- _WHAT YOU HAVE TO DO_
Write out only the lines from the line that holds "Onze volumes in-4" to the end of the listing below, inclusive, with the pictures omitted.

- _PROVIDED ENTRIES_
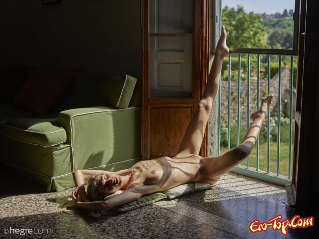 Шокирующие тощая высокая девушка почти без сисек полностью оголившись принялась эротично позировать у окна, присаживаясь в кресло и ложась на пол, раздвигая длинные ножки. В процессе красотка так же засвечивает сексуальную гладко выбритую пилотку.
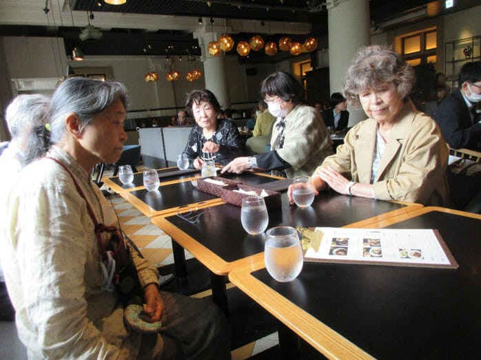 見学後、公会堂内のレストランで昼食をいただきながら懇談した。
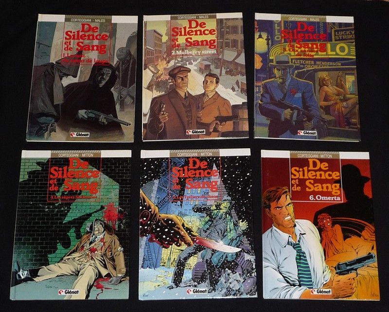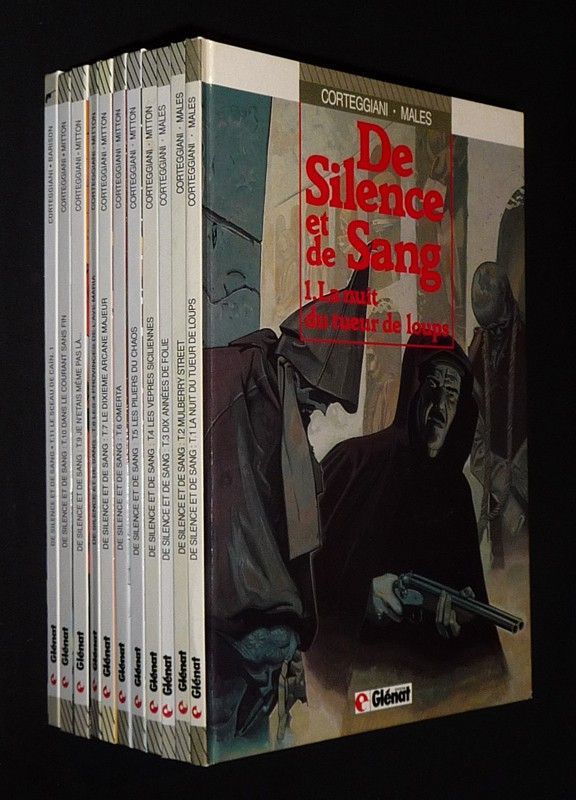 Onze volumes in-4 (21,5 x 29,2 cm), albums cartonnés, tomes 1 à 11 de la série "De silence et de sang" en édition originale (1986-1998) : 1. La Nuit du tueur de loups // 2. Mulberry Street // 3. Dix années de folie // 4. Les Vêpres siciliennes // 5. Les piliers du chaos // 6. Omerta // 7. Le Dixième arcane majeur // 8. Les 4 provinces de l'Ave Maria // 9. Je n'étais même pas là // 10. Dans le courant sans fin // 11. Le Sceau de Caïn, Tome 1 ; dos du tome 7 un peu insolé en tête et en queue, par ailleurs très bon état général.
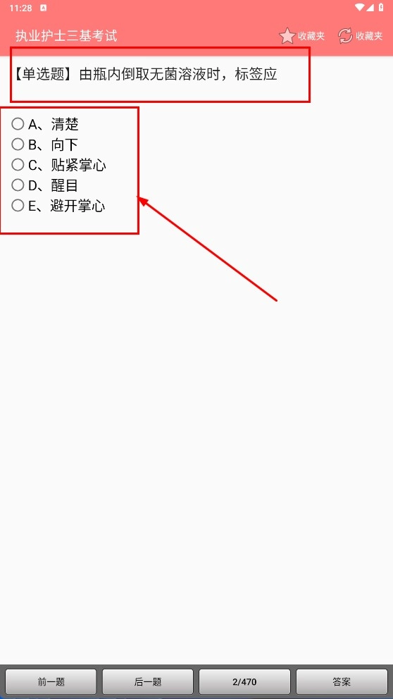 比如碰到“倒取无菌溶液时标签如何处理”这类题目,依据自身的判断选择答案C(贴紧掌心),这样就能防止标签受到污染。
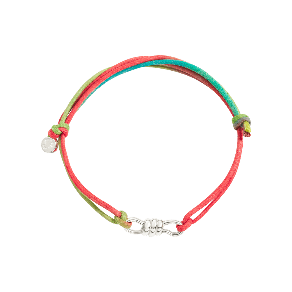 Nodo bracelet in .925 silver and cord in rainbow cotton, .925 silver seal included.
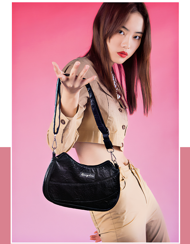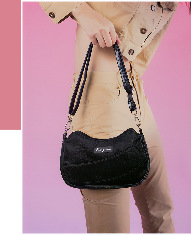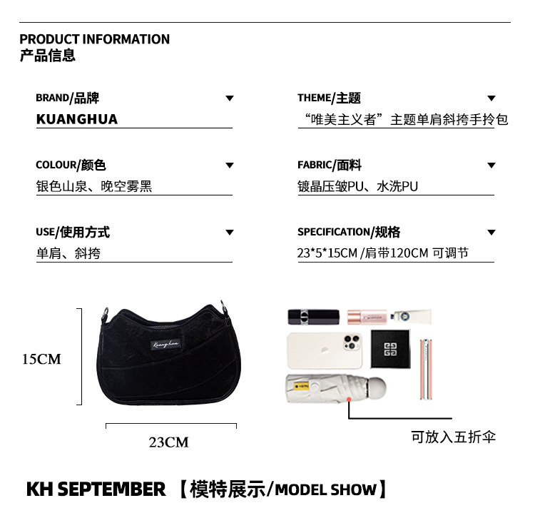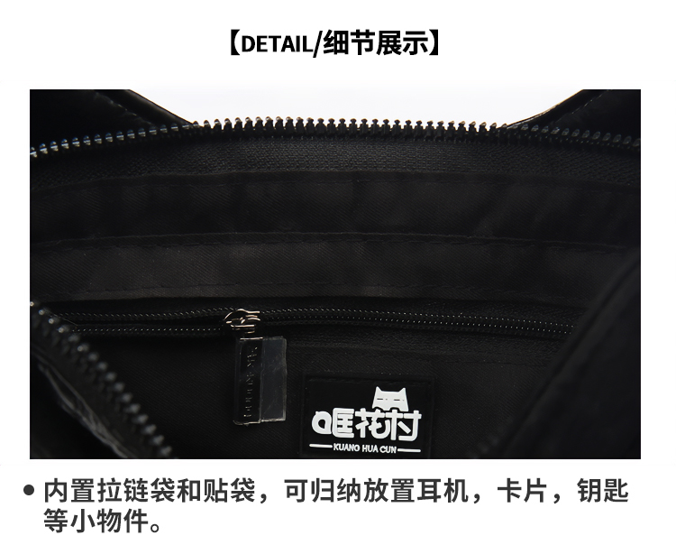 哐花村Aesthete唯美主义者主题单肩斜挎手拎包-黑色/银色

- _YOUR RESPONSE_
 Onze volumes in-4 (21,5 x 29,2 cm), albums cartonnés, tomes 1 à 11 de la série "De silence et de sang" en édition originale (1986-1998) : 1. La Nuit du tueur de loups // 2. Mulberry Street // 3. Dix années de folie // 4. Les Vêpres siciliennes // 5. Les piliers du chaos // 6. Omerta // 7. Le Dixième arcane majeur // 8. Les 4 provinces de l'Ave Maria // 9. Je n'étais même pas là // 10. Dans le courant sans fin // 11. Le Sceau de Caïn, Tome 1 ; dos du tome 7 un peu insolé en tête et en queue, par ailleurs très bon état général.
 比如碰到“倒取无菌溶液时标签如何处理”这类题目,依据自身的判断选择答案C(贴紧掌心),这样就能防止标签受到污染。
 Nodo bracelet in .925 silver and cord in rainbow cotton, .925 silver seal included.
 哐花村Aesthete唯美主义者主题单肩斜挎手拎包-黑色/银色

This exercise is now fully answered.